About 30 protesters gathered Saturday for a march through Santa Maria that led to the Immigration and Customs Enforcement (ICE) office, where participants called for change in the treatment of the undocumented community, in local leadership and in the funding of local police.
The group, which gathered at 11 a.m. outside Kohl's on South Broadway, walked northward on Broadway, then turned on Betteravia Road toward the Santa Maria Police Department before heading south on Skyway Drive.
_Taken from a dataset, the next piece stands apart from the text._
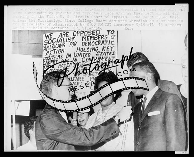 James Howard Meredith and wife respond to reporter as they leave the Fifth U.S. Circuit Court of Appeals
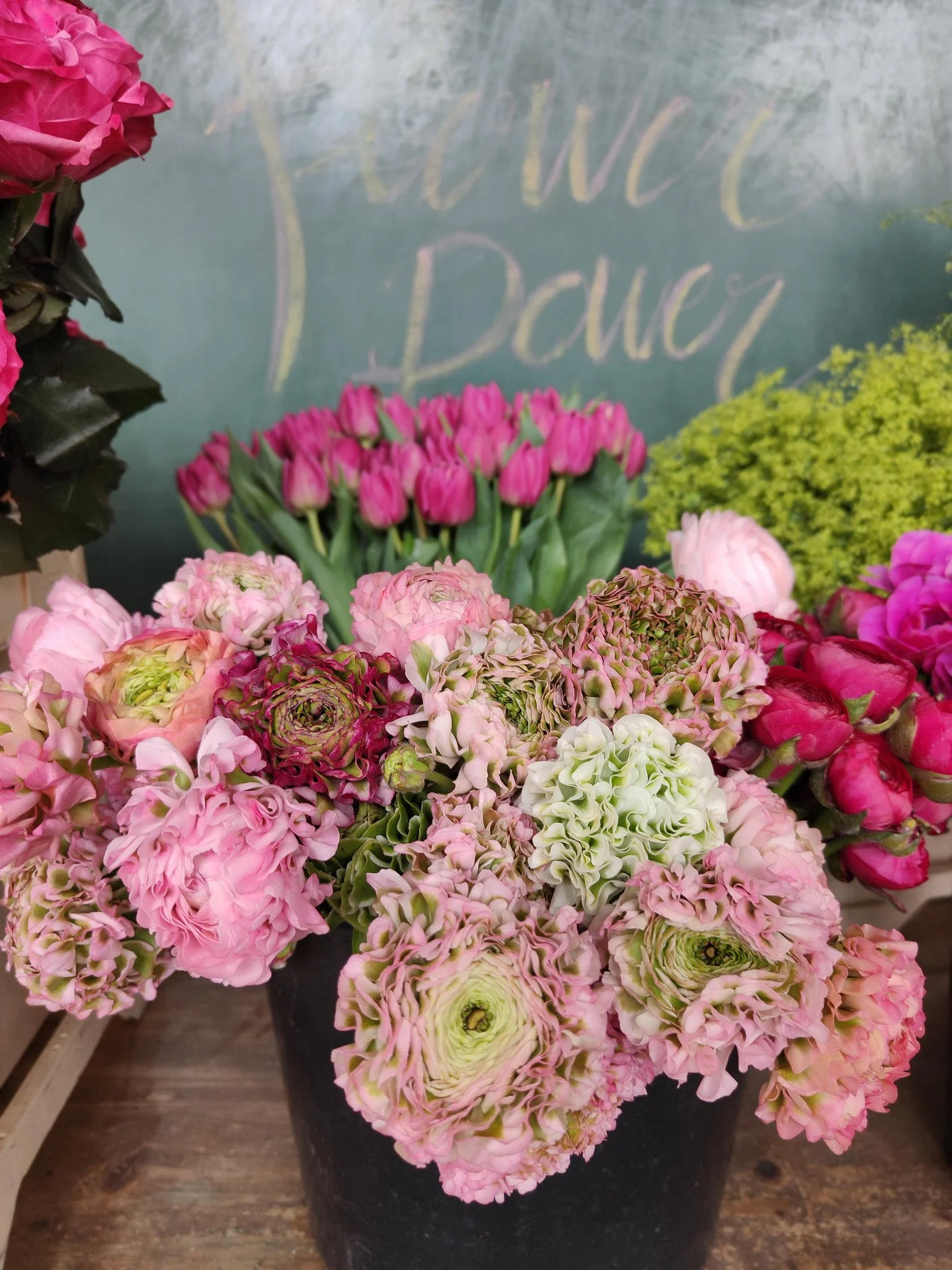 Per il bouquet ho scelto una palette a contrasto: delicate nuance di rosa abbinate all’intensità di diverse sfumature di bordeaux. Tra i fiori ho prediletto quasi tutti fiori stagionali: tulipani doppi, anemoni, ranuncoli, ranuncoli butterfly, fiori di pesco, e ginestra. Ogni fiore ha il suo carattere, il suo portamento, la sua forma. La bellezza di un bouquet sta nel lasciare a ogni elemento il suo spazio creando un unicum armonico.

Protesters then turned on Depot Street toward the Immigration and Customs Enforcement (ICE) office at 740 Century St., which was closed for the day.
The action was not led by any single organization but included various community members with support from the Santa Maria Youth Abolitionists, said Santa Maria resident and protest attendee Chuy Caracoles.
"It's basically just members of the community," Caracoles said, looking at the individuals seated outside the doors of the facility with signs stating "Families belong together" and "Melt ICE."
Protests outside the ICE facility also took place on June 30 and July 15, with concerns about the facility stretching back several years. In 2014, over 1,000 people attended a City Council meeting with concerns about bringing the facility to Santa Maria, which the council ultimately approved.
While not a detention center, the site serves as a processing and holding area for individuals recently released from local prison or jail who may be subject to deportation following their release, as described by Los Angeles Field Office Deputy Director David Marin in 2015.
Outside the ICE facility, participants held a teach-in, discussing the need for defunding of local police, or limiting police budgets to reallocate money to other community services, as well as the need for further support of farmworkers and undocumented individuals on the Central Coast.
Attendees Jackie Vargas and an individual named Bam said they chose to participate in the event because of deep connections to the subject of undocumented and immigrant rights, having had family members deported themselves.
“It’s a touchy, personal topic for us. It’s something we both feel strongly about,” Vargas said.
Bam described how deportation threatens the basic rights of those who are just looking to support themselves and their families.
"It's a thing that happens, and that's why we're here to fight things like that, so future generations don't have to live through this trauma," Bam said. "There are people who are coming here literally to work. We're all human beings and deserve basic human rights."
One criticism expressed by participants was the lack of action by the Santa Maria City Council to divert more budget funds from the Santa Maria police toward other community resources in the most recent budget cycle.
While cuts were made to the department due to the COVID-19 financial crisis, police retained the largest cut of the pie with $33 million allocated for the 2020-21 fiscal year.
Nipomo resident Orel Alcanpar encouraged participants to vote in the upcoming election, calling on them to vote for leaders who will make local change such as granting more rights to farmworkers, fighting systematic racism and cutting the police budget.
"It's hard to believe in politicians, but we can at least vote some of them out," Alcanpar said.